Top

In a glass case with Norman Mailer

This is as good as it gets. A light rain is falling on a soft May evening and I’m walking north on a silent Park Avenue hoping to get into trouble. Fourteen thousand yellow taxis have turned Manhattan into a Bengali hellhole, blasting their horns non-stop, picking up or disgorging passengers in the middle of traffic-clogged streets, speeding and failing to yield to pedestrians as Big Bagel law requires. But on the Upper East Side, on a balmy evening, the yellow devils are causing havoc downtown, so I almost find myself singing in the rain as I head north far from the madding crowd. (Puns unintended.)

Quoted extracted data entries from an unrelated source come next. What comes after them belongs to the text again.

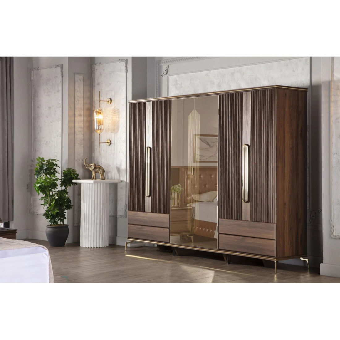 Пятистворчатый шкаф для одежды с зеркалом Тиффани 5DG2S Z крем вудлайн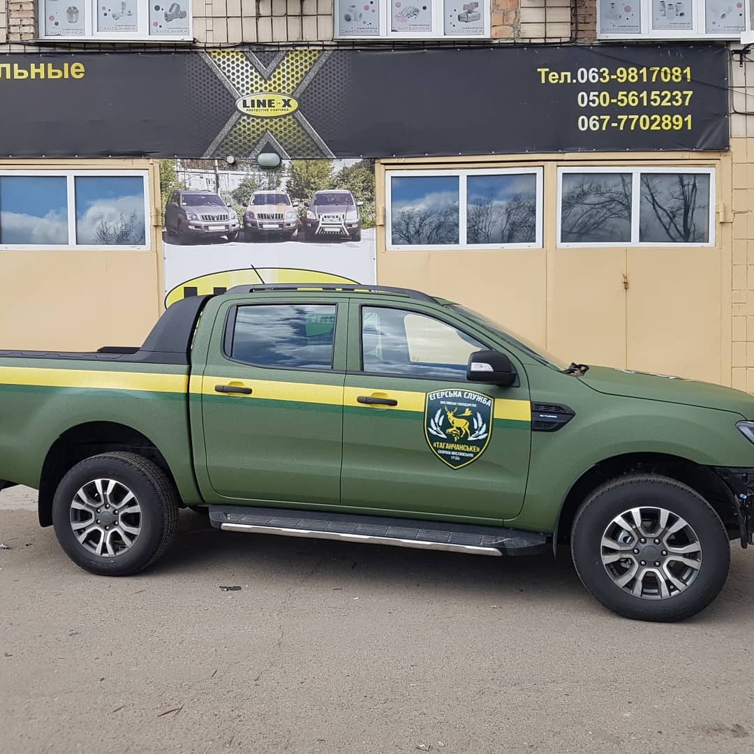 Мы гордимся возможностью сотрудничества с егерской службой одного из крупнейших охотничьих хозяйств черкасской области «Таганчанское». Так по его заказу были покрашены защитным покрытием Line-X два Форда Ranger. Теперь егеря могут еще более эффективно заниматься охраной охотничьих угодий, зная, что кузов автомобиля находится под надежной защитой покрытия Line-X и ему не страшны удары и царапины веток деревьев или кустов.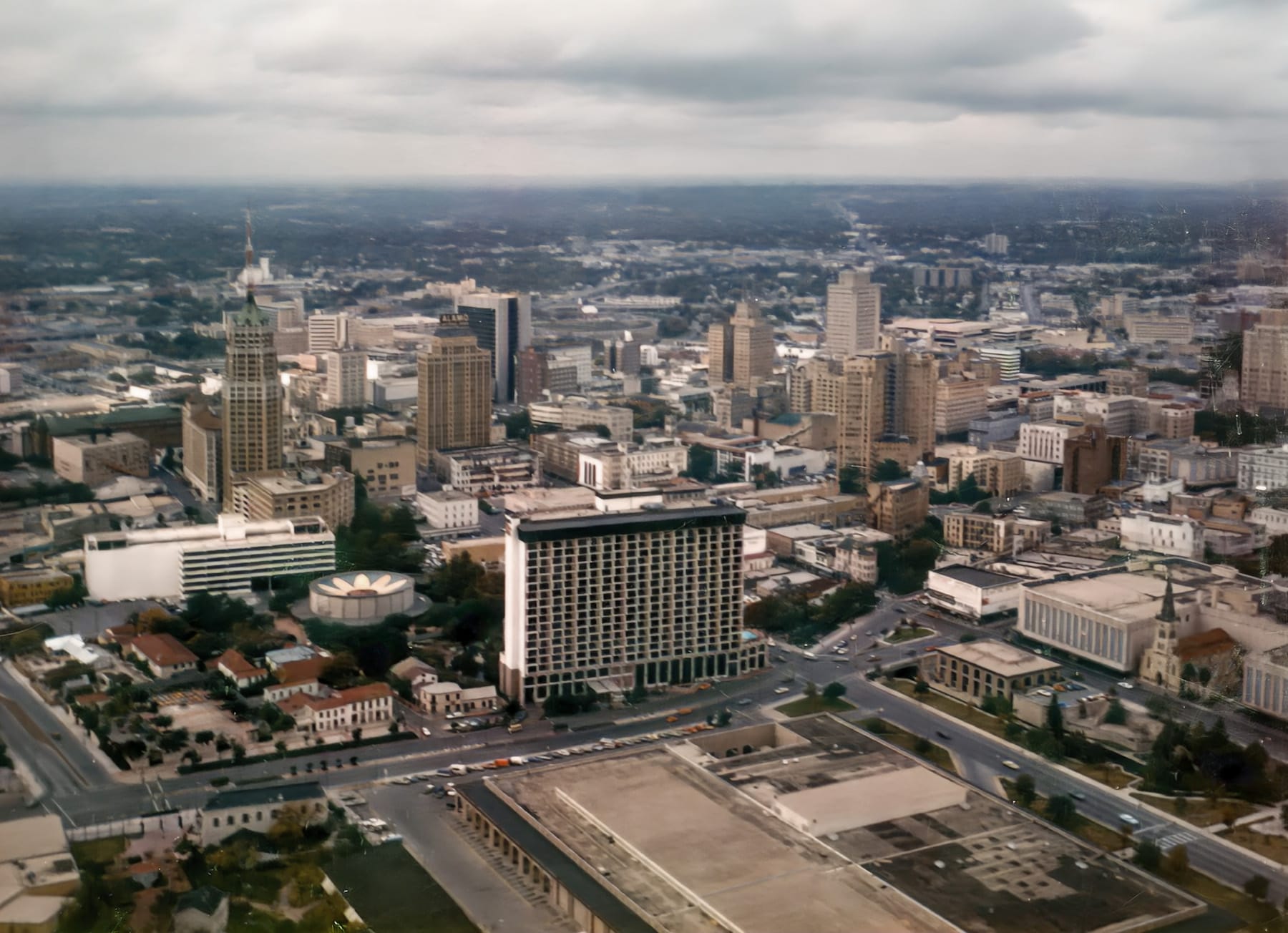 As I examined previously, the San Antonio downtown core has really not changed that much over time. Sure, a few things have been torn down in the last half-century (notably the convention center—the large building in the foreground across from the Hilton—which was demolished in 1995) and few new skyscrapers have been built (notably, the Weston Centre, the Marriott Riverwalk & the Frost Tower), but, for the most part, the city's skyline has remained remarkably static, especially when one considers how much we Texans love to tear down the old stuff in favor of the new.

Nicola’s is an Italian restaurant that used to be very much in fashion back in the Seventies and Eighties. I hadn’t been there for many years, but Michael Mailer insisted we go down memory lane, so we did. Nicola was the headwaiter at Elaine’s, until he told the fat lady to shove it, got fired and opened up his own place a few blocks south. Nicola was no fool, except for his terrible coke habit, and he continued Elaine’s custom of showering attention on writers and journalists, who were the Hiltons and Kardashians of the time back in those halcyon days.

Hacks covered Elaine’s and Nicola’s like a rash, and even the late great Nigel Dempster would ring from London and chat to the proprietors when stuck for a story. Nigel posed in front of Elaine’s for a cover story whose title was The Scum Also Rises. Elaine used to put pictures of her regulars up on her walls — yours truly was between Hunter Thompson and Jack Richardson — so Nicola did one better. He put up book covers inside glass bookcases and sat the authors underneath them.

Nicola had taken a liking to me on account of something I’d said in a rather loud voice upon encountering Buddy Jacobson, out on bail for the murder of a love rival. It was a crowded Saturday night, Jacobson was holding court and I bellowed, “It’s murder in here.” The place went quiet, Jacobson got up, all five feet four of him, and dared me to repeat it, which I did. He then sat back down. The story appeared in all the papers the next day, and young Taki became a protected species in Nicola’s, as he was at Elaine’s. Buddy boy got life, escaped from jail, was recaptured and died in jail soon after.

I could tell Nicola and Elaine stories for the next year, but two that stand out are the following. I once saw a beautiful girl dining alone with a bunch straight out of the Godfather, so I wrote my Romeo and Juliet letter to her and had a waiter deliver it. I was sitting with Elaine when an actor in the party came over to us. “Whose da poet?” he asked, and threw my letter on the table. “It wasn’t for you,” I protested, but Elaine interrupted. “I’ll take care of it,” she told the thespian. Then to me, “Are you nuts? That’s a Mafia wedding, they’re all made guys, and she’s the bride, and if I were you I’d go home, kid.”

Another time, in the lavatory at Nicola’s, I saw a man whom I mistook for someone I had loathed for ever because he bribed everyone who came within a mile of him. “I’ll take two grams, and they’d better be good,” I said to him, pretending that I thought he was a coke dealer who sometimes hung out there. The man just kept staring at me but said nothing. So I went out and told the story to Nicola, who gasped and started to beat his head with his fists. “That’s the head of Manhattan detectives. What have you done? You’ve ruined me.” Not exactly. I told the top cop that I knew who he was and was testing him. I was with a very pretty girl who had once been Miss South Carolina Speedway, and the top cop liked Miss Speedway. We ended up being very good buddies — and still are to this day.
Incidentally, I thought of her when I mentioned the Hiltons. Betsy von Furstenberg, a German aristo and a very talented Hollywood star and nice woman, died a couple of weeks ago and in her obituaries she was quoted as saying that when she was 18 she had gone out with Nicky Hilton, Liz Taylor’s first, and what a bum he was. “I was so amazed that the whole clan was so uneducated.” Well, baroness, they still are — extremely uneducated and crude.

Norman Mailer’s cover and mine, by the way, are still in the same place, but the table underneath them was occupied by unknowns.